The confines of space in Bistrot Lepic dining room can make for a tight fit. (Dixie D. Vereen/For The Washington Post)

The dim wine bar has a similar problem: lounge chairs so low you sense they were designed for Munchkins and tables without enough real estate for orders bigger than several plates. (The bread basket nestles in a pull-out drawer.) Two out of seven nights at least, live music proves a pleasant distraction.

Downstairs, consolation comes by way of local artist Izette Folger, whose changing paintings complement a reproduction of “Paris Street; Rainy Day” by impressionist painter Gustave Caillebotte that has drawn eyes to the rear wall since founding chef Bruno Fortin opened the place in 1995.

A decade ago, Fortin acquired a business partner, former Cafe Milano manager Cyrille Brenac. The men are also co-owners of La Piquette, a younger draw near Washington National Cathedral.
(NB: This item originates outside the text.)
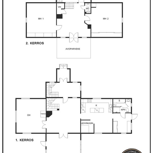 Asuinrakennuksen pinta-ala on myyjän tarkistusmittaama. Rakennusvalvonnasta ei ole saatavilla näin vanhan rakennuksen rakennuslupa-asiakirjoja.

Together with chef Vetsch, the trio at Lepic demonstrate the relevance of the old guard — and a welcome respite, however fleeting, from the untested.

2.5 stars

Location: 1736 Wisconsin Ave.

Open: Lunch 11:30 a.m. to 2:30 p.m. Monday through Friday; dinner 5:30to 9:30 p.m. Sunday and Monday, 5:30 to 10 p.m. Tuesday through Thursday, 5:30to 10:30 p.m. Friday and Saturday; brunch 11 a.m. to 3 p.m. Saturday and Sunday. Wine bar open 5:30 p.m. to midnight daily.

Prices: Lunch appetizers $7 to $19, main courses $16 to $32; dinner appetizers$8 to $19, main courses $18 to $32.

Sound check: 70 decibels / Conversation is easy.